EXERCISE AIM.
Could you give back every record below exactly, leaving out the pictures?

[Source data]
........

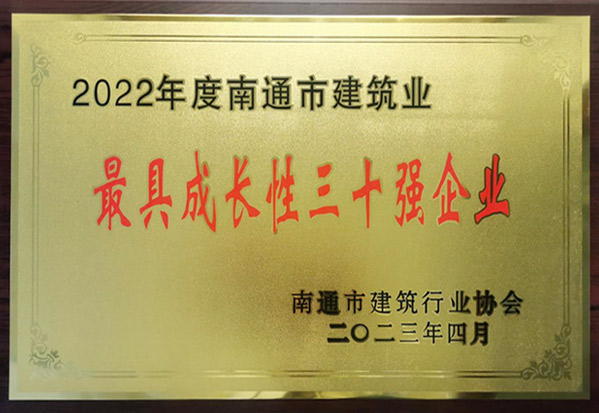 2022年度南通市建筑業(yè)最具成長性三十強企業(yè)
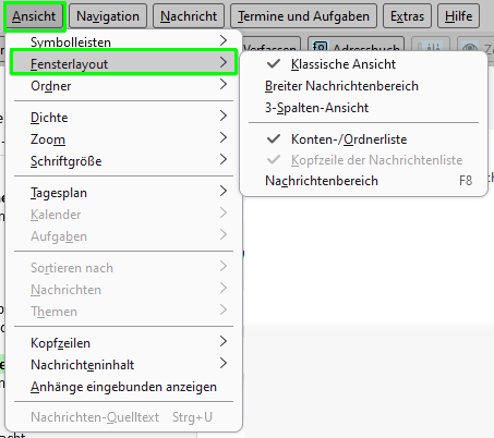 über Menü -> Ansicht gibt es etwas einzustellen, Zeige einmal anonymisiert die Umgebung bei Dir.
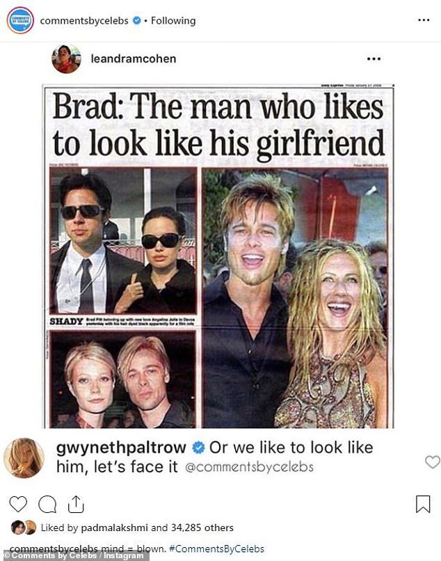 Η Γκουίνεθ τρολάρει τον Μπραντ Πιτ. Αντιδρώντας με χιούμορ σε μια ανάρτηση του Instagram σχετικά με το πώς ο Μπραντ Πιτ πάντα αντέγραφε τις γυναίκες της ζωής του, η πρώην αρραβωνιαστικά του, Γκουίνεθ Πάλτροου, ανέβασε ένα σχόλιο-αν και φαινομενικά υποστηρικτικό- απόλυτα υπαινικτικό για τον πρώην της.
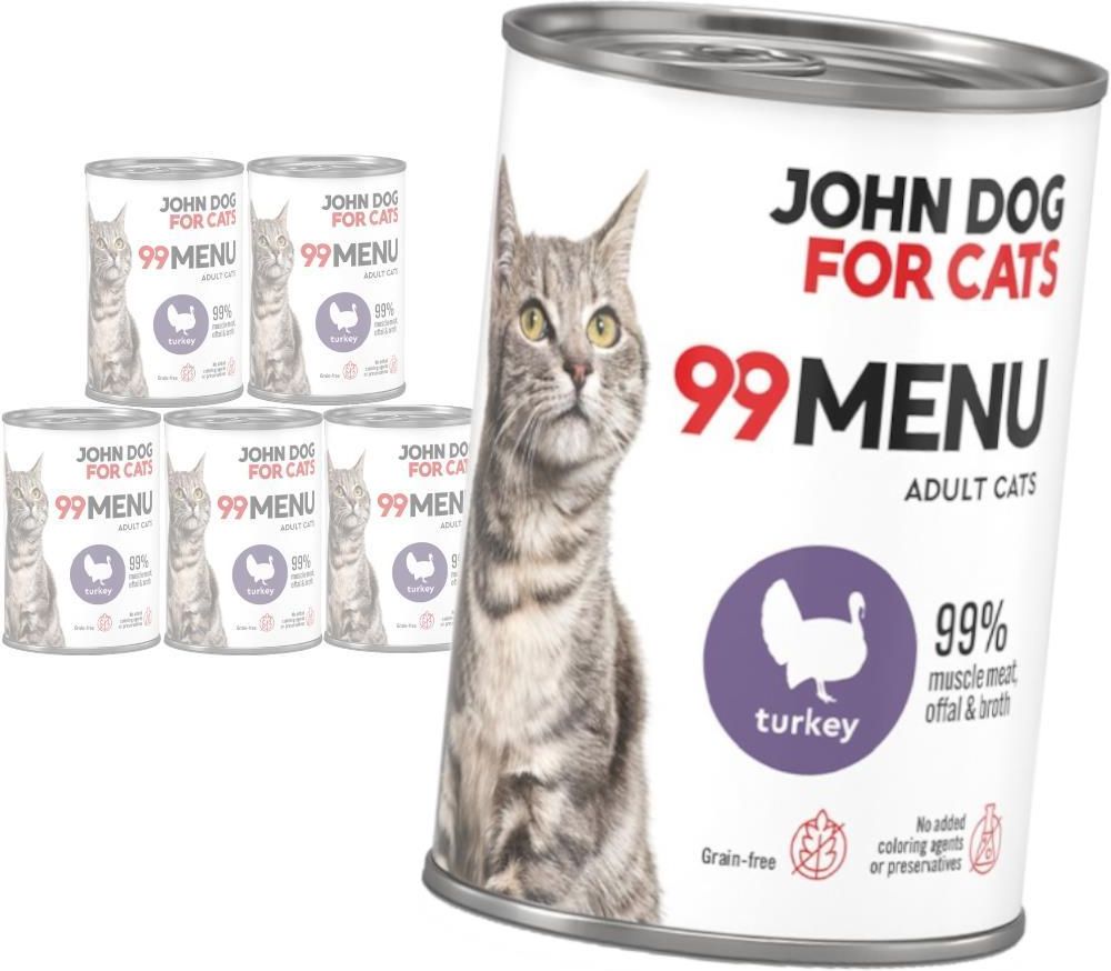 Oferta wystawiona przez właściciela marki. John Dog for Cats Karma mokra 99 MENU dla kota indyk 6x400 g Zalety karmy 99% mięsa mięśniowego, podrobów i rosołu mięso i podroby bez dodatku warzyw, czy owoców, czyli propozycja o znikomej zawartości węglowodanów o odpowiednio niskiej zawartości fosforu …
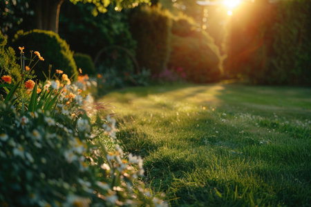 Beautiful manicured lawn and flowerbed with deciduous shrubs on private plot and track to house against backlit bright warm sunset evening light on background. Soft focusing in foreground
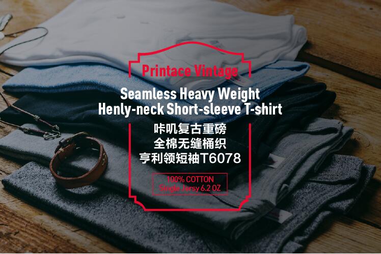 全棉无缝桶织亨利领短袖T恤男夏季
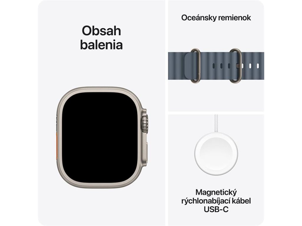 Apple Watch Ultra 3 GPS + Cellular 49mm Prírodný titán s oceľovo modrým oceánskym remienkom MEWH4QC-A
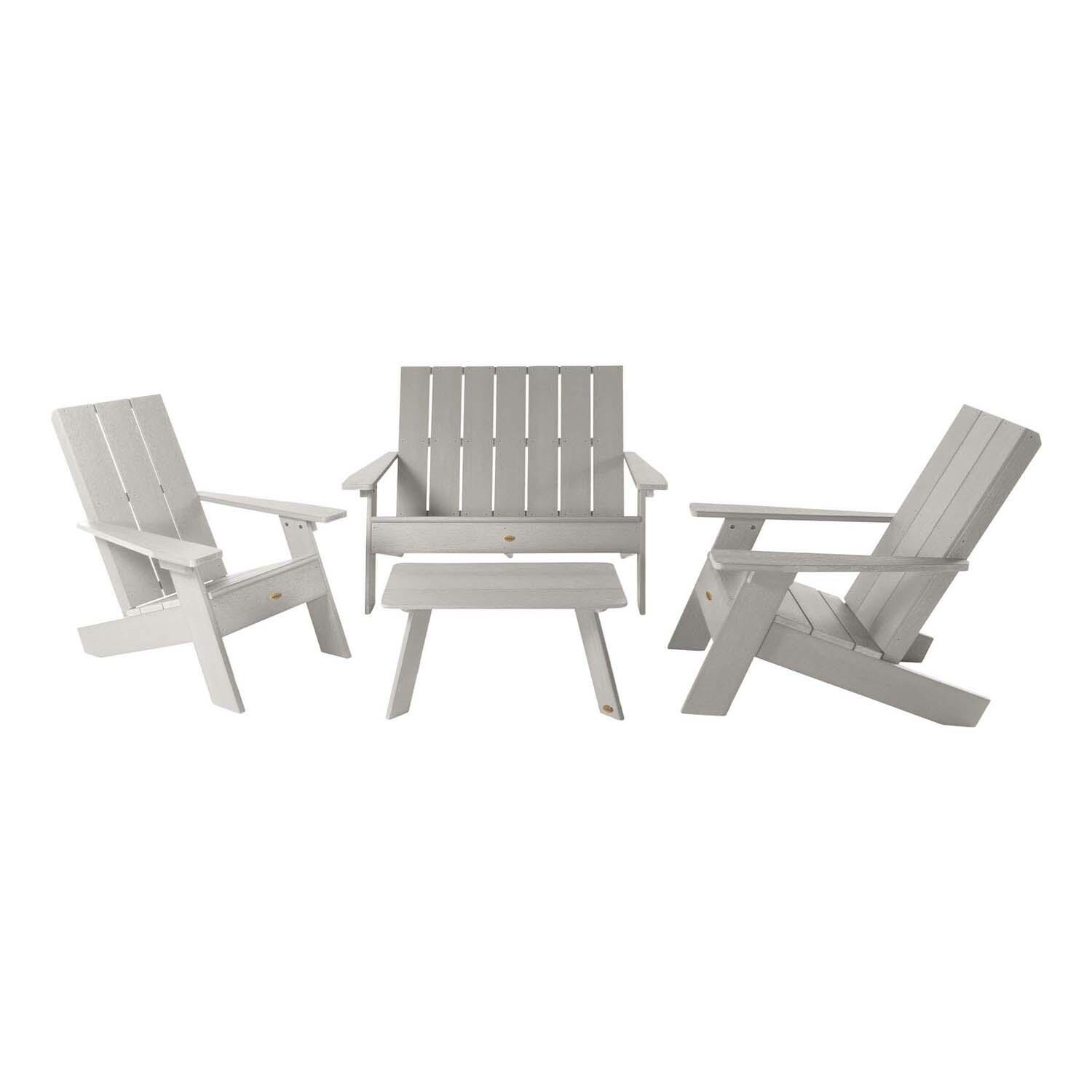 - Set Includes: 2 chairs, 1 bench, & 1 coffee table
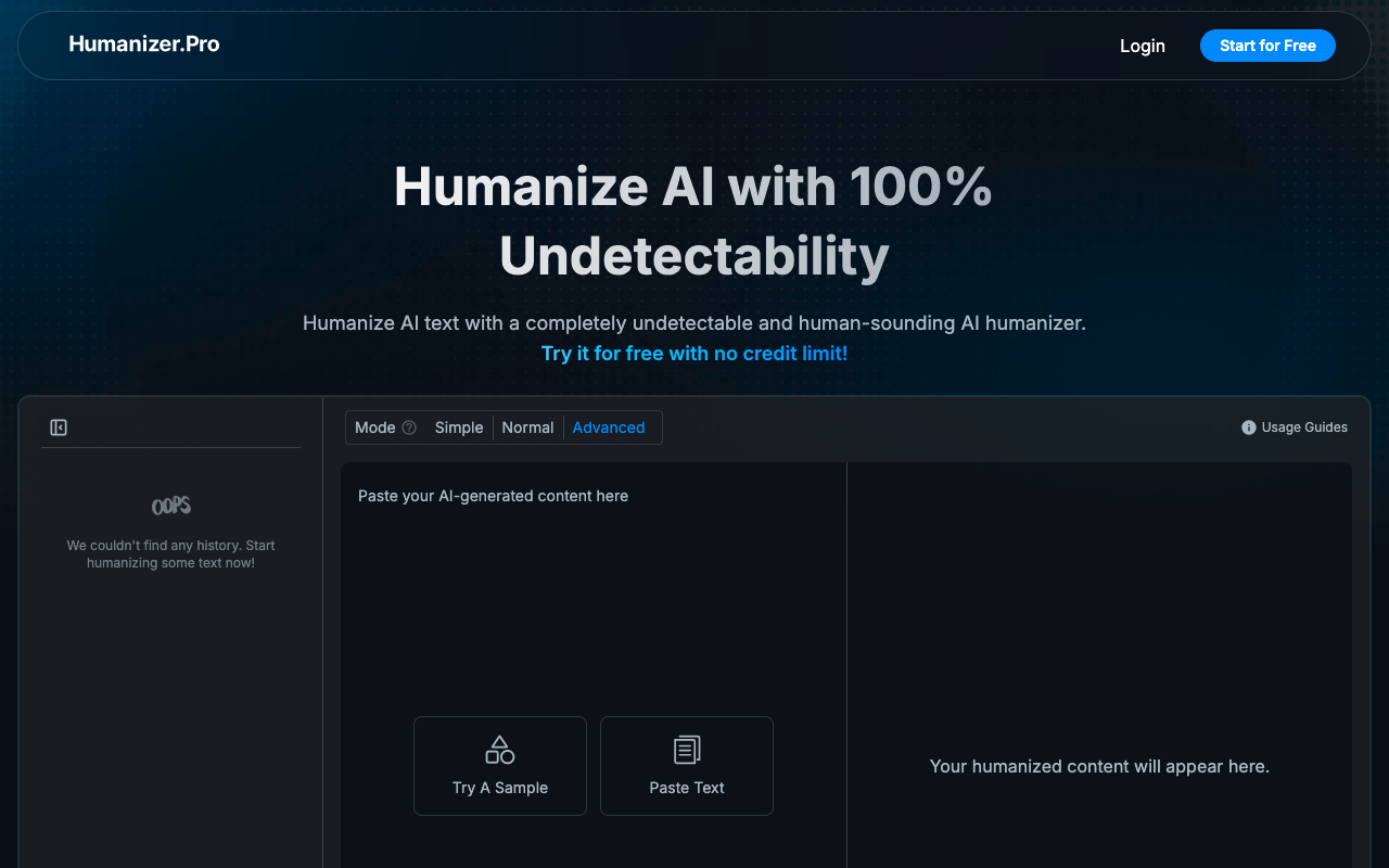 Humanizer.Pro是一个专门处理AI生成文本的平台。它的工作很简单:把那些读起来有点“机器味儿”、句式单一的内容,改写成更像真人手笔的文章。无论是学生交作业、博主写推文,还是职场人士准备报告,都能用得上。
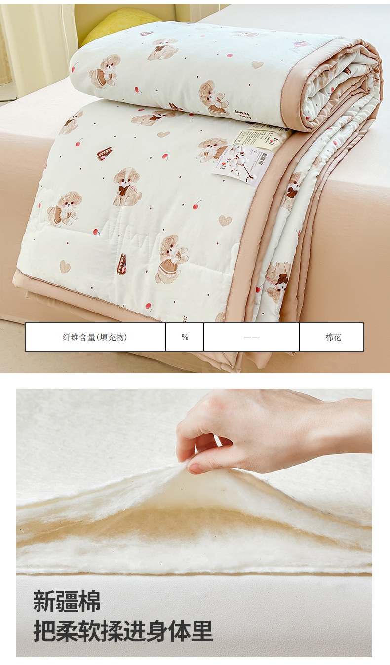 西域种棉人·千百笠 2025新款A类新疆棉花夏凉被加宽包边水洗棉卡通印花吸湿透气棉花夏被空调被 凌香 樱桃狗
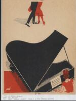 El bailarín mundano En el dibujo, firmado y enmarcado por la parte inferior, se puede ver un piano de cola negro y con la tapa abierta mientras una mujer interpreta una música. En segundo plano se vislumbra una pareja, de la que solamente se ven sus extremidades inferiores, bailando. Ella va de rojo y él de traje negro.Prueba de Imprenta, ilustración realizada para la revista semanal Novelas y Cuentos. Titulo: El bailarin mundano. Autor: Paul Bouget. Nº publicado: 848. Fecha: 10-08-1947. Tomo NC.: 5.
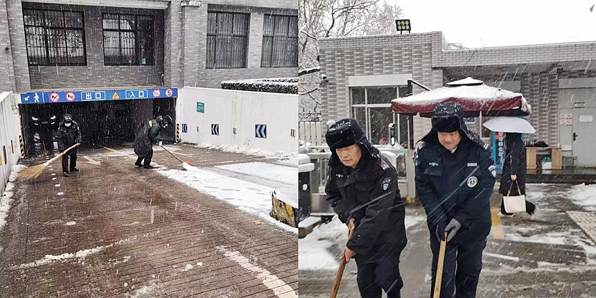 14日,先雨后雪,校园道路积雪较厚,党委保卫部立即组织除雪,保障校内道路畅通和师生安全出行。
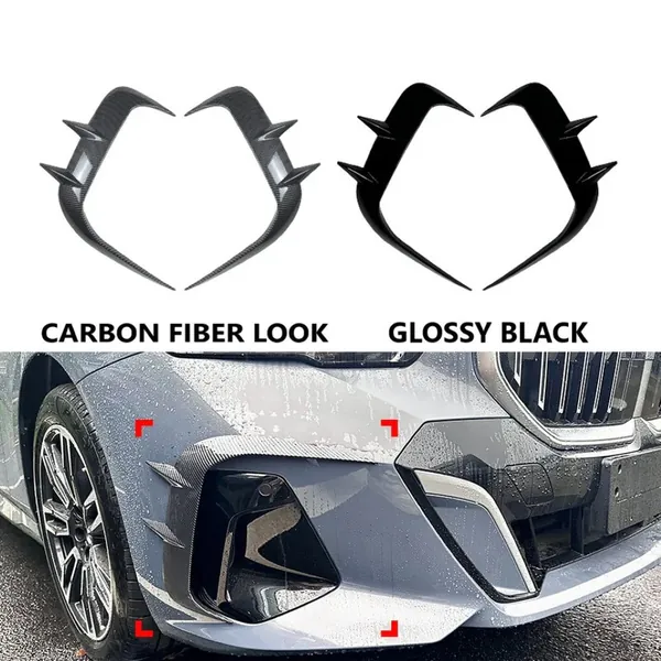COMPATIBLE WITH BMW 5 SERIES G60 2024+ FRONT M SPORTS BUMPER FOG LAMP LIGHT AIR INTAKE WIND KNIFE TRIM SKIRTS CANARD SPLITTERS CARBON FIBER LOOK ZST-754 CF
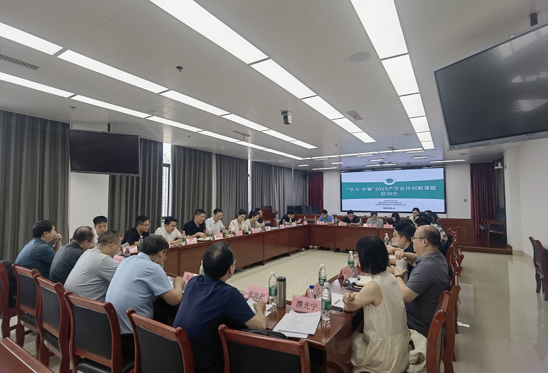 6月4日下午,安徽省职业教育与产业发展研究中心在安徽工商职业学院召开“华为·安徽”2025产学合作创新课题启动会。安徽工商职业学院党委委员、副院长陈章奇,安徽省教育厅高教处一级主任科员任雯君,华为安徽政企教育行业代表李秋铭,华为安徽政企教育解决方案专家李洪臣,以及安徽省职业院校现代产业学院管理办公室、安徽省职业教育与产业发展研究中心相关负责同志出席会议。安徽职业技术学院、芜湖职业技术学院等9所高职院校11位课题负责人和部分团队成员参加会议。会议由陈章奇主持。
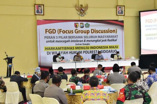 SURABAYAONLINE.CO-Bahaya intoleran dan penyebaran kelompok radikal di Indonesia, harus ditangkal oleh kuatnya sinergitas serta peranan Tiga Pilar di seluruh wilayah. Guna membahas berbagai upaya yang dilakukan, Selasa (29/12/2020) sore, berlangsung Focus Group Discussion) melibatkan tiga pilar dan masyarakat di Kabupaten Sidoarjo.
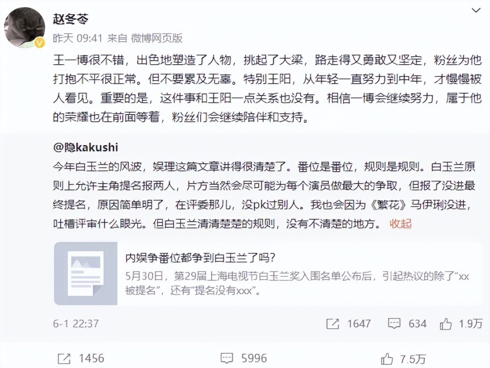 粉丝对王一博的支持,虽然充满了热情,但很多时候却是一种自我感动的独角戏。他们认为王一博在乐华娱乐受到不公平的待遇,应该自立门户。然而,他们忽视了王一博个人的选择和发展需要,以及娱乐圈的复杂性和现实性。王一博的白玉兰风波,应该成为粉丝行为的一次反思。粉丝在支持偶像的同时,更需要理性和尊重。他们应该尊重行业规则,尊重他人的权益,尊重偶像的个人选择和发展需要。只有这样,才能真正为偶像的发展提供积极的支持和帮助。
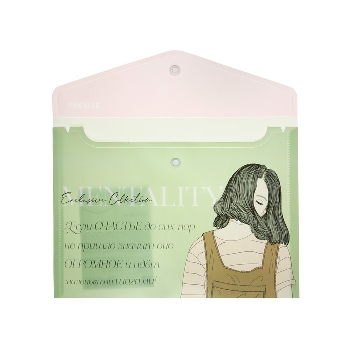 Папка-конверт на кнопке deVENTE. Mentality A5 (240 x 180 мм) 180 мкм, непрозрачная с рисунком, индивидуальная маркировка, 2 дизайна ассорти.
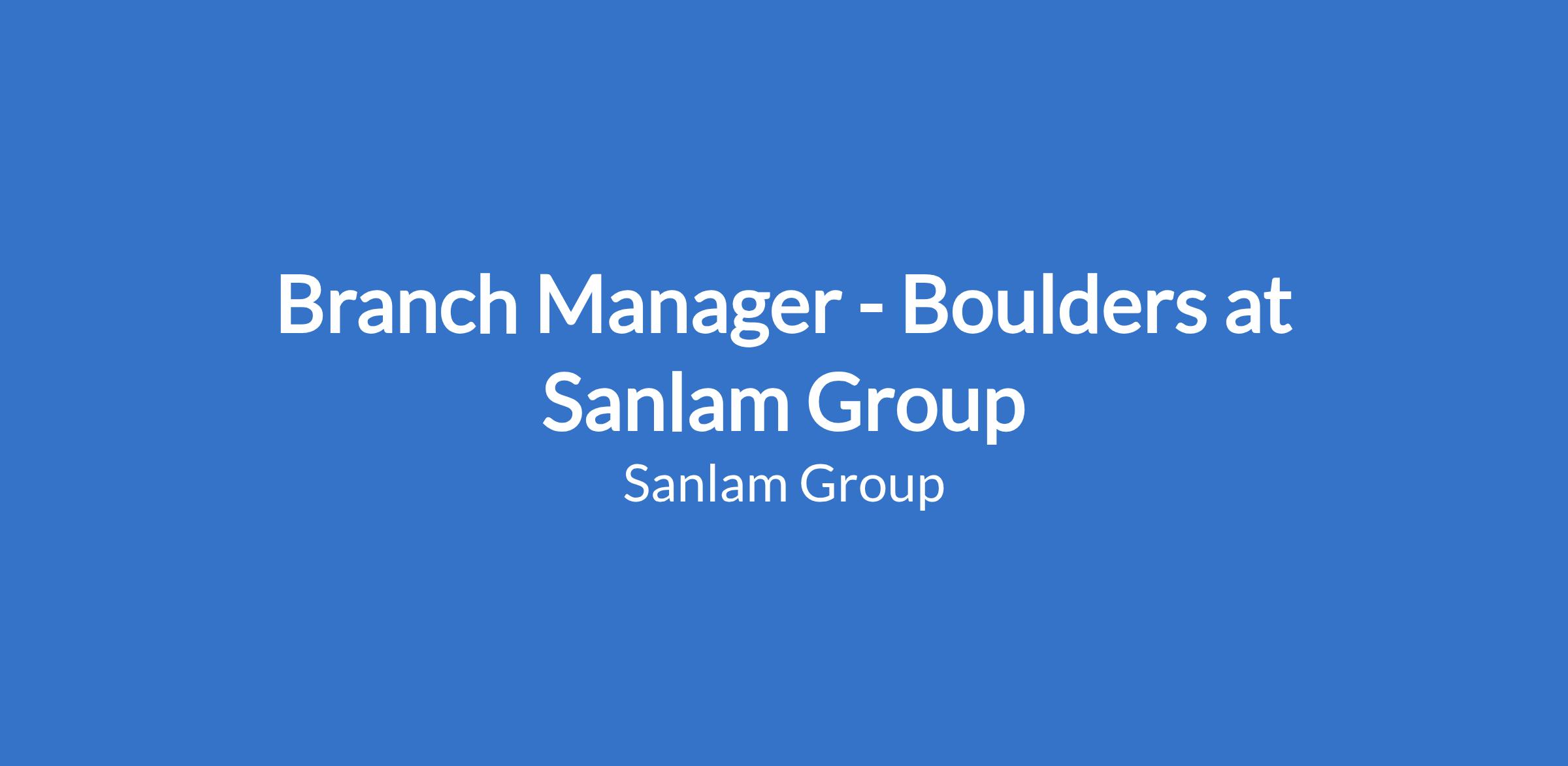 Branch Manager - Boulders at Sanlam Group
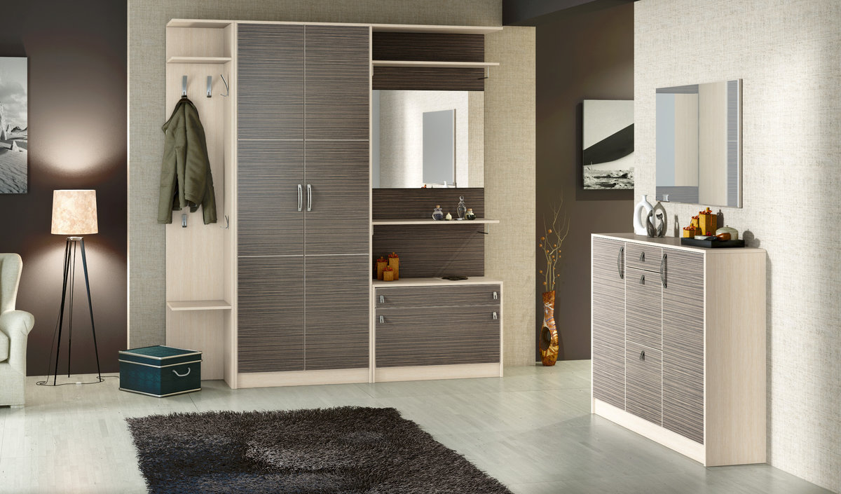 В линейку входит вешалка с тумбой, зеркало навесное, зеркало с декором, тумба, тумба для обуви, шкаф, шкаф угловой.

........

EXPECTED OUTPUT.
 2022年度南通市建筑業(yè)最具成長性三十強企業(yè)
 über Menü -> Ansicht gibt es etwas einzustellen, Zeige einmal anonymisiert die Umgebung bei Dir.
 Η Γκουίνεθ τρολάρει τον Μπραντ Πιτ. Αντιδρώντας με χιούμορ σε μια ανάρτηση του Instagram σχετικά με το πώς ο Μπραντ Πιτ πάντα αντέγραφε τις γυναίκες της ζωής του, η πρώην αρραβωνιαστικά του, Γκουίνεθ Πάλτροου, ανέβασε ένα σχόλιο-αν και φαινομενικά υποστηρικτικό- απόλυτα υπαινικτικό για τον πρώην της.
 Oferta wystawiona przez właściciela marki. John Dog for Cats Karma mokra 99 MENU dla kota indyk 6x400 g Zalety karmy 99% mięsa mięśniowego, podrobów i rosołu mięso i podroby bez dodatku warzyw, czy owoców, czyli propozycja o znikomej zawartości węglowodanów o odpowiednio niskiej zawartości fosforu …
 Beautiful manicured lawn and flowerbed with deciduous shrubs on private plot and track to house against backlit bright warm sunset evening light on background. Soft focusing in foreground
 全棉无缝桶织亨利领短袖T恤男夏季
 Apple Watch Ultra 3 GPS + Cellular 49mm Prírodný titán s oceľovo modrým oceánskym remienkom MEWH4QC-A
 - Set Includes: 2 chairs, 1 bench, & 1 coffee table
 Humanizer.Pro是一个专门处理AI生成文本的平台。它的工作很简单:把那些读起来有点“机器味儿”、句式单一的内容,改写成更像真人手笔的文章。无论是学生交作业、博主写推文,还是职场人士准备报告,都能用得上。
 西域种棉人·千百笠 2025新款A类新疆棉花夏凉被加宽包边水洗棉卡通印花吸湿透气棉花夏被空调被 凌香 樱桃狗
 El bailarín mundano En el dibujo, firmado y enmarcado por la parte inferior, se puede ver un piano de cola negro y con la tapa abierta mientras una mujer interpreta una música. En segundo plano se vislumbra una pareja, de la que solamente se ven sus extremidades inferiores, bailando. Ella va de rojo y él de traje negro.Prueba de Imprenta, ilustración realizada para la revista semanal Novelas y Cuentos. Titulo: El bailarin mundano. Autor: Paul Bouget. Nº publicado: 848. Fecha: 10-08-1947. Tomo NC.: 5.
 14日,先雨后雪,校园道路积雪较厚,党委保卫部立即组织除雪,保障校内道路畅通和师生安全出行。
COMPATIBLE WITH BMW 5 SERIES G60 2024+ FRONT M SPORTS BUMPER FOG LAMP LIGHT AIR INTAKE WIND KNIFE TRIM SKIRTS CANARD SPLITTERS CARBON FIBER LOOK ZST-754 CF
 6月4日下午,安徽省职业教育与产业发展研究中心在安徽工商职业学院召开“华为·安徽”2025产学合作创新课题启动会。安徽工商职业学院党委委员、副院长陈章奇,安徽省教育厅高教处一级主任科员任雯君,华为安徽政企教育行业代表李秋铭,华为安徽政企教育解决方案专家李洪臣,以及安徽省职业院校现代产业学院管理办公室、安徽省职业教育与产业发展研究中心相关负责同志出席会议。安徽职业技术学院、芜湖职业技术学院等9所高职院校11位课题负责人和部分团队成员参加会议。会议由陈章奇主持。
 SURABAYAONLINE.CO-Bahaya intoleran dan penyebaran kelompok radikal di Indonesia, harus ditangkal oleh kuatnya sinergitas serta peranan Tiga Pilar di seluruh wilayah. Guna membahas berbagai upaya yang dilakukan, Selasa (29/12/2020) sore, berlangsung Focus Group Discussion) melibatkan tiga pilar dan masyarakat di Kabupaten Sidoarjo.
 粉丝对王一博的支持,虽然充满了热情,但很多时候却是一种自我感动的独角戏。他们认为王一博在乐华娱乐受到不公平的待遇,应该自立门户。然而,他们忽视了王一博个人的选择和发展需要,以及娱乐圈的复杂性和现实性。王一博的白玉兰风波,应该成为粉丝行为的一次反思。粉丝在支持偶像的同时,更需要理性和尊重。他们应该尊重行业规则,尊重他人的权益,尊重偶像的个人选择和发展需要。只有这样,才能真正为偶像的发展提供积极的支持和帮助。
 Папка-конверт на кнопке deVENTE. Mentality A5 (240 x 180 мм) 180 мкм, непрозрачная с рисунком, индивидуальная маркировка, 2 дизайна ассорти.
 Branch Manager - Boulders at Sanlam Group
 В линейку входит вешалка с тумбой, зеркало навесное, зеркало с декором, тумба, тумба для обуви, шкаф, шкаф угловой.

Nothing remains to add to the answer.